If you’ve ever swatted a mosquito away from your face, only to have it return, you know that insects can be remarkably acrobatic and resilient in flight. Those traits help them navigate the aerial world, with its wind gusts and obstacles. MIT Assistant Professor Kevin Yufeng Chen has built a drone system that approaches the agility of these insects.
Chen, a member of the Dept. of Electrical Engineering and Computer Science and the Research Laboratory of Electronics, has developed insect-sized drones with unprecedented dexterity and resilience. The aerial robots are powered by a new class of soft actuator, which allows them to withstand the physical travails of real-world flight.
Typically, drones require wide open spaces because they’re neither nimble enough to navigate confined spaces, nor robust enough to withstand collisions in a crowd. “If we look at drones today, they’re usually quite big,” says Chen. “Most of their applications involve flying outdoors. The question is: Can you create insect-scale robots that can move around in very complex, cluttered spaces?”
According to Chen, “The challenge of building small aerial robots is immense.” These drones require a fundamentally different construction from large ones, which are usually powered by motors. But motors lose efficiency as you shrink them. So, Chen says, for insect-like robots “you need to look for alternatives.”
The principal alternative until now has been employing a small, rigid actuator built from piezoelectric ceramic materials. While piezoelectric ceramics allowed the first generation of tiny robots to take flight, they’re quite fragile. And that’s a problem when you’re building a robot to mimic an insect; foraging bumblebees endure a collision about once every second, for example.
Chen designed a more resilient tiny drone using soft actuators made of thin rubber cylinders coated in carbon nanotubes. When voltage is applied to the carbon nanotubes, they produce an electrostatic force that squeezes and elongates the rubber cylinder. Repeated elongation and contraction causes the drone’s wings to beat nearly 500 times per second, giving the drone insect-like resilience.

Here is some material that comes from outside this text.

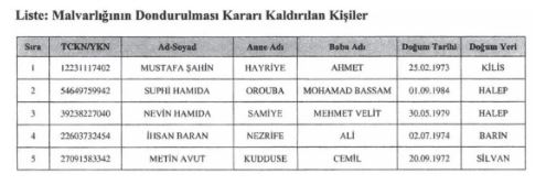 04 Nisan 2023 tarihinde yayımlanan karar kapsamında, terörle mücadele kapsamında terörizmin finansmanının önlenmesi amacıyla mal varlıkları dondurulan bu kişilerin durumları, yapılan yeni değerlendirme sonrası değişti.

“You can hit it when it’s flying, and it can recover,” says Chen. “It can also do aggressive maneuvers like somersaults in the air.” Weighing in at just 0.6 grams, approximately the mass of a large bumble bee, the drone looks a bit like a tiny cassette tape with wings, though Chen is working on a new prototype shaped like a dragonfly.
Chen says the mini-drones could navigate complex machinery to ensure safety and functionality, artificially pollinate crop or perform search-and-rescue missions following a disaster. “All those things can be very challenging for existing large-scale robots,” says Chen.
Chen’s work appears this month in the journal IEEE Transactions on Robotics. His co-authors include MIT PhD student Zhijian Ren, Harvard University PhD student Siyi Xu, and City University of Hong Kong roboticist Pakpong Chirarattananon.